*Brief*. Set down the data below from its first line to the line holding "breaded, snack, tasty", inclusive; omit all pictures.

Saved data entries:
[Start of section]

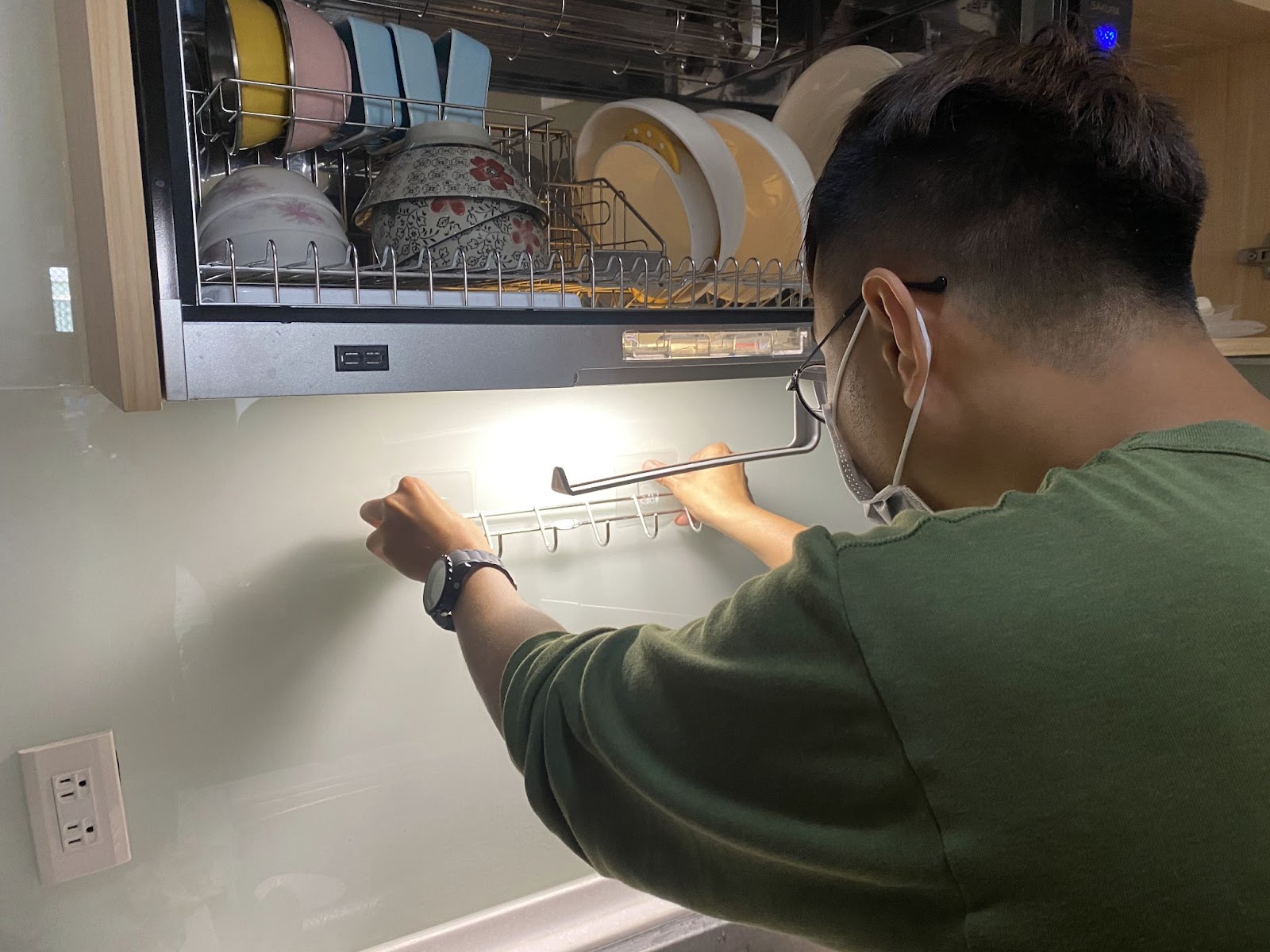 同事先擦拭牆面,再根據要掛放的物品&屋主順手度,找出合適的位子。
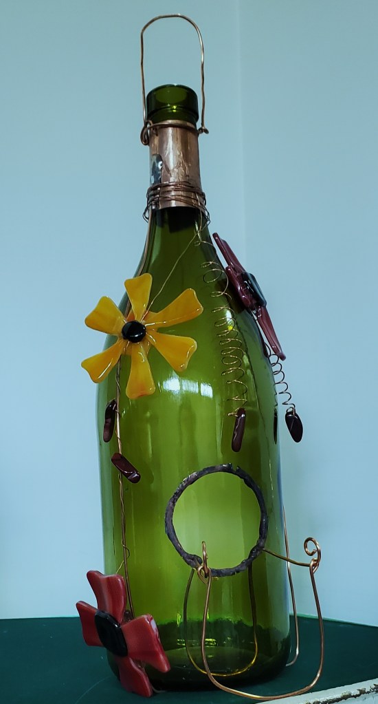 It’s a good thing I don’t charge by the hour. This bird feeder is decorated with hanging fuchsia flowers made from stained glass. Each flower is attached from the neck of the bottle by copper wire. The perch runs through both sides of the bottle and is made of copper tubing. The flowers are loose enough that they make a very gentle windchime as well as the bird feeder.
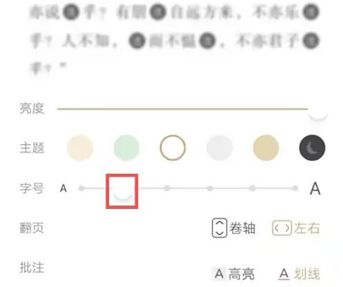 将字号旁边滑轨上的滑块左右拖动可调整字体大小。
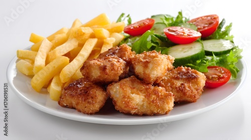 food, meat, meal, chicken, dinner, fried, plate, dish, salad, sauce, cookery, epicure, vegetable, grilled, tomatoes, cooked, potato, vegetable, roasted, delicious, grill, french fries, lunch, closeup, white, crispy, isolated, breaded, snack, tasty
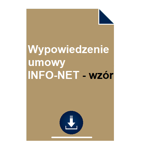 Opracowany przez nas wzór wypowiedzenia umowy INFO-NET pozwala w bardzo prosty i szybki sposób rozwiązać umowę z dostawcą usług. Druk w formacie PDF lub DOC wystarczy wypełnić, podpisać i przesłać lub złożyć osobiście.
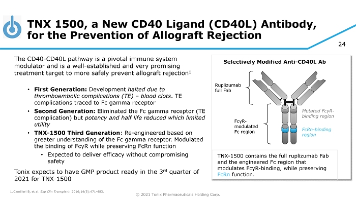 © 2021 Tonix Pharmaceuticals Holding Corp. 24 TNX 1500, a New CD40 Ligand (CD40L) Antibody, for the Prevention of Allograft Rejection The CD40 - CD40L pathway is a pivotal immune system modulator and is a well - established and very promising treatment target to more safely prevent allograft rejection 1 • First Generation: Development halted due to thromboembolic complications (TE) – blood clots . TE complications traced to Fc gamma receptor • Second Generation: Eliminated the Fc gamma receptor (TE complication) but potency and half life reduced which limited utility • TNX - 1500 Third Generation : Re - engineered based on greater understanding of the Fc gamma receptor. Modulated the binding of FcyR while preserving FcRn function • Expected to deliver efficacy without compromising safety Tonix expects to have GMP product ready in the 3 rd quarter of 2021 for TNX - 1500 1. Camilleri B, et al. Exp Clin Transplant. 2016;14(5):471 - 483. Ruplizumab full Fab Selectively Modified Anti - CD40L Ab TNX - 1500 contains the full ruplizumab Fab and the engineered Fc region that modulates Fc γ R - binding, while preserving FcRn function. Mutated Fc γ R - binding region FcRn - binding region Fc γ R - modulated Fc region
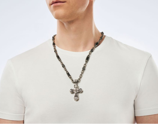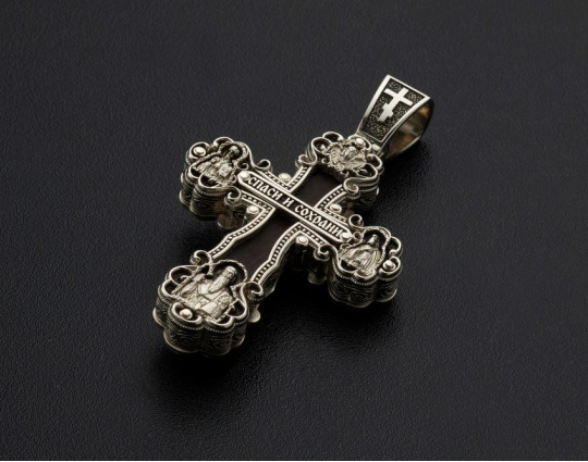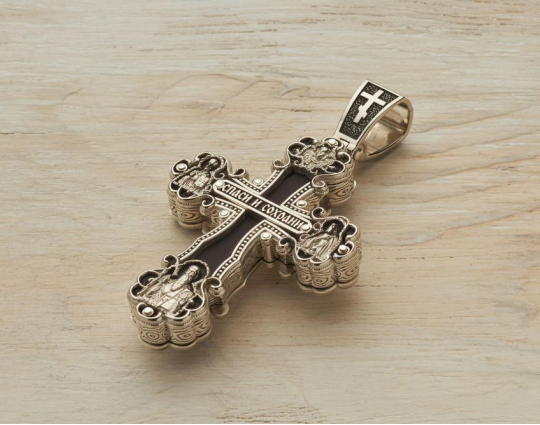 Серебряный крест выполнен на основе эбена. Сочетание дерева и серебра имеет символическое значение, особую значимость. Деревянная часть воспринимается как напоминание о Животворящем Кресте. Это как источник боли и страданий для Христа, так и спасение для любого верующего.

[End of section]

*Written solution*.
 同事先擦拭牆面,再根據要掛放的物品&屋主順手度,找出合適的位子。
 It’s a good thing I don’t charge by the hour. This bird feeder is decorated with hanging fuchsia flowers made from stained glass. Each flower is attached from the neck of the bottle by copper wire. The perch runs through both sides of the bottle and is made of copper tubing. The flowers are loose enough that they make a very gentle windchime as well as the bird feeder.
 将字号旁边滑轨上的滑块左右拖动可调整字体大小。
 food, meat, meal, chicken, dinner, fried, plate, dish, salad, sauce, cookery, epicure, vegetable, grilled, tomatoes, cooked, potato, vegetable, roasted, delicious, grill, french fries, lunch, closeup, white, crispy, isolated, breaded, snack, tasty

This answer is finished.